======== Provided material

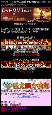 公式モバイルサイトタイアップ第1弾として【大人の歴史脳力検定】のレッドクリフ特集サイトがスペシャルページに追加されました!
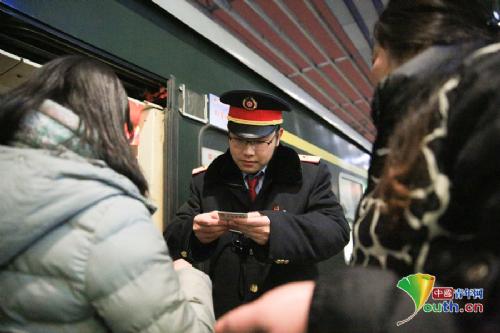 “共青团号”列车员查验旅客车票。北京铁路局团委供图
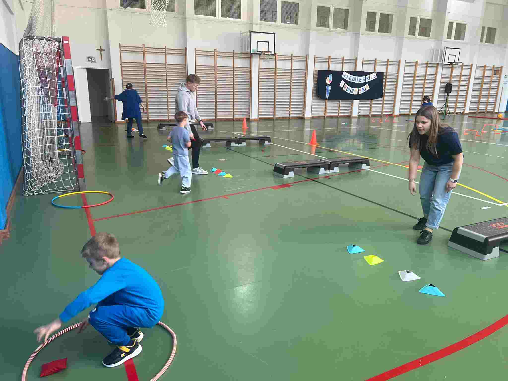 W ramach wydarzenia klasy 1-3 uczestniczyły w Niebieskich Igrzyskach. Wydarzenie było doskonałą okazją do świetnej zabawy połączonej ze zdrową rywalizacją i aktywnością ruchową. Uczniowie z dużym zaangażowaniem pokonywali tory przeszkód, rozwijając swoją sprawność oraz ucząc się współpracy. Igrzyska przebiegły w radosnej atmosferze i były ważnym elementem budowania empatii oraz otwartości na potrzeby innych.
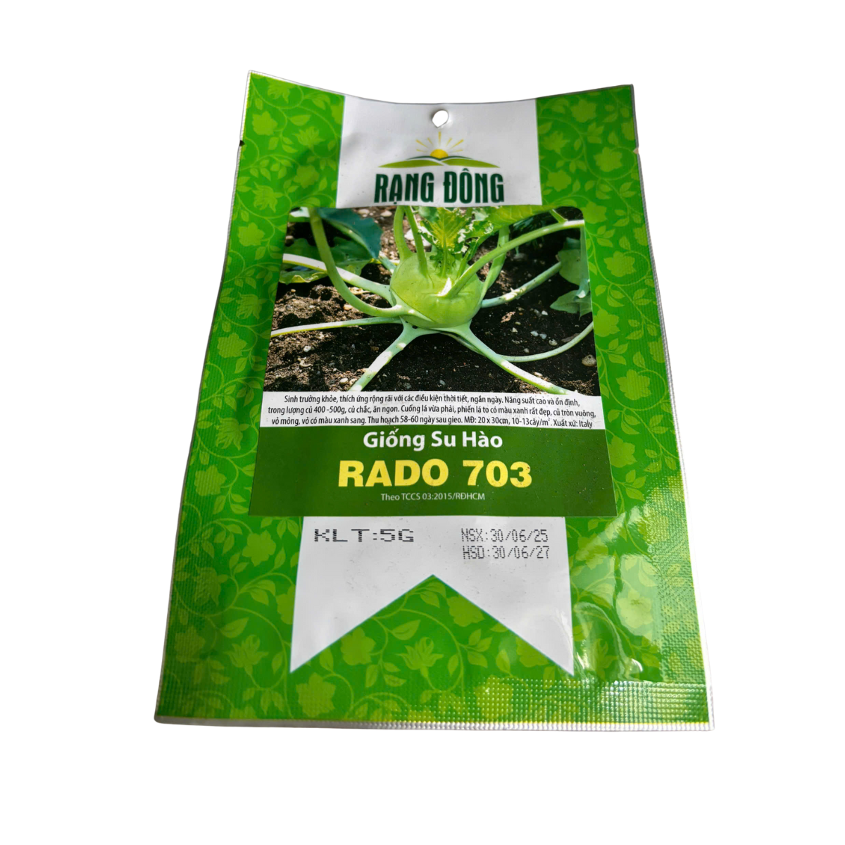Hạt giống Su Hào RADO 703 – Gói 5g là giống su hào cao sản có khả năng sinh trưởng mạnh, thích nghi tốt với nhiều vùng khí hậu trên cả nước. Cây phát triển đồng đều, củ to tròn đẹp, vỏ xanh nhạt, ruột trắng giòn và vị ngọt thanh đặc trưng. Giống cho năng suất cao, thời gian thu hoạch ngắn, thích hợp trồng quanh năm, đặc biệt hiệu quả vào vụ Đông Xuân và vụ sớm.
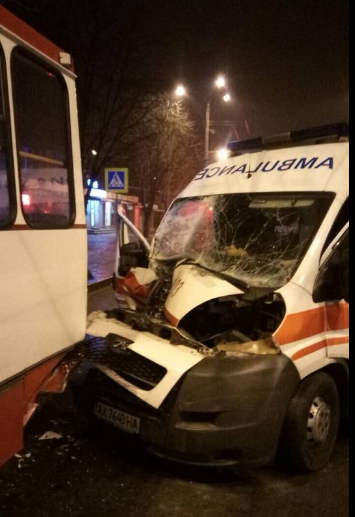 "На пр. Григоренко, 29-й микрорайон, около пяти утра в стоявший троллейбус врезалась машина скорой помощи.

================
======== Provided material

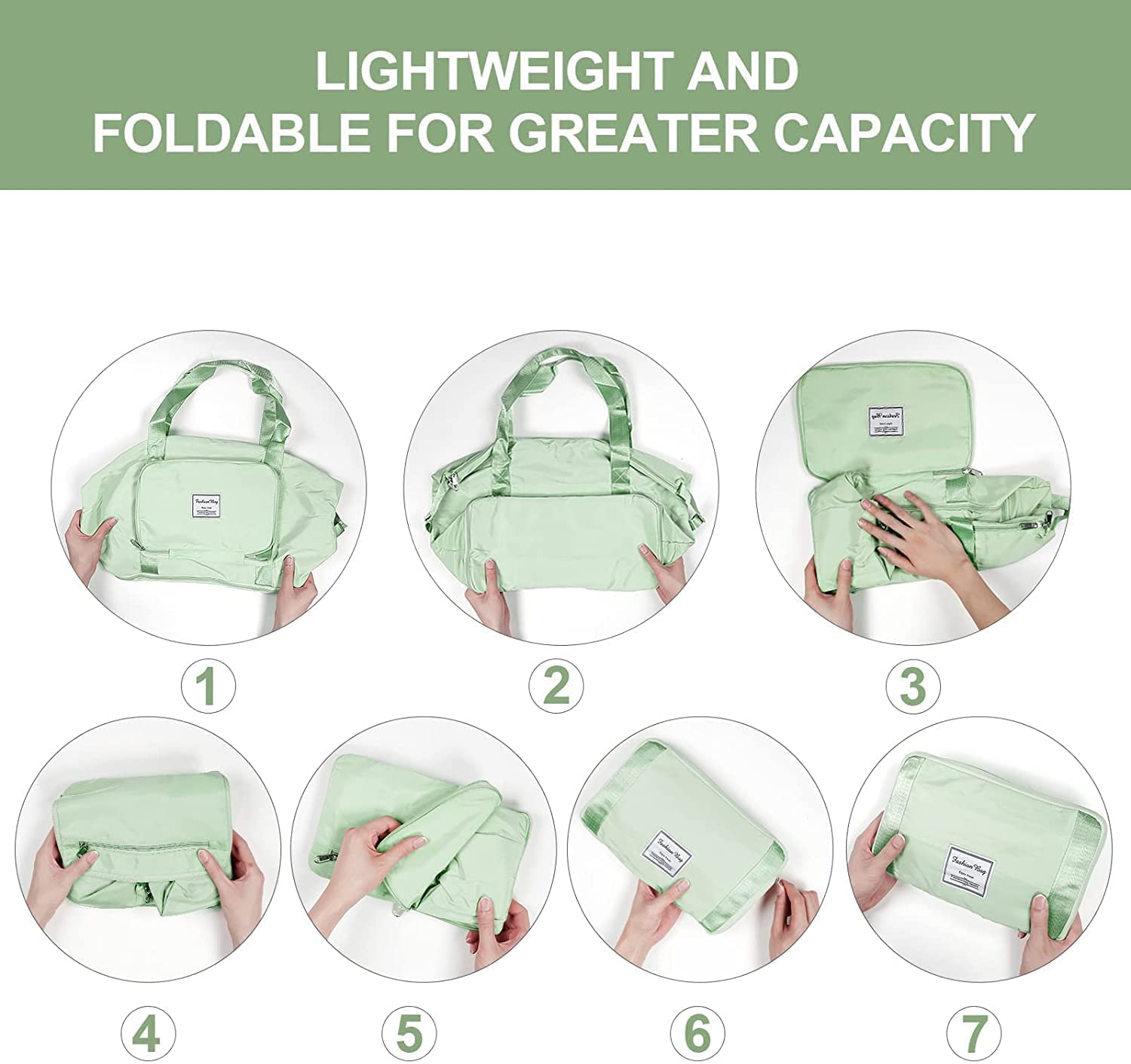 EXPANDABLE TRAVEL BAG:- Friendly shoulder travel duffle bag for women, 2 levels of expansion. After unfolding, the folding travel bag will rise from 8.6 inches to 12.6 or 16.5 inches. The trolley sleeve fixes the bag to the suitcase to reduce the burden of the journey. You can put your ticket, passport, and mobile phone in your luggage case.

================

Write out exactly the run of lines above that starts at the line containing "公式モバイルサイトタイアップ" and ends at the line containing "машина скорой помощи.". Include both, and leave the pictures out.

 公式モバイルサイトタイアップ第1弾として【大人の歴史脳力検定】のレッドクリフ特集サイトがスペシャルページに追加されました!
 “共青团号”列车员查验旅客车票。北京铁路局团委供图
 W ramach wydarzenia klasy 1-3 uczestniczyły w Niebieskich Igrzyskach. Wydarzenie było doskonałą okazją do świetnej zabawy połączonej ze zdrową rywalizacją i aktywnością ruchową. Uczniowie z dużym zaangażowaniem pokonywali tory przeszkód, rozwijając swoją sprawność oraz ucząc się współpracy. Igrzyska przebiegły w radosnej atmosferze i były ważnym elementem budowania empatii oraz otwartości na potrzeby innych.
Hạt giống Su Hào RADO 703 – Gói 5g là giống su hào cao sản có khả năng sinh trưởng mạnh, thích nghi tốt với nhiều vùng khí hậu trên cả nước. Cây phát triển đồng đều, củ to tròn đẹp, vỏ xanh nhạt, ruột trắng giòn và vị ngọt thanh đặc trưng. Giống cho năng suất cao, thời gian thu hoạch ngắn, thích hợp trồng quanh năm, đặc biệt hiệu quả vào vụ Đông Xuân và vụ sớm.
 "На пр. Григоренко, 29-й микрорайон, около пяти утра в стоявший троллейбус врезалась машина скорой помощи.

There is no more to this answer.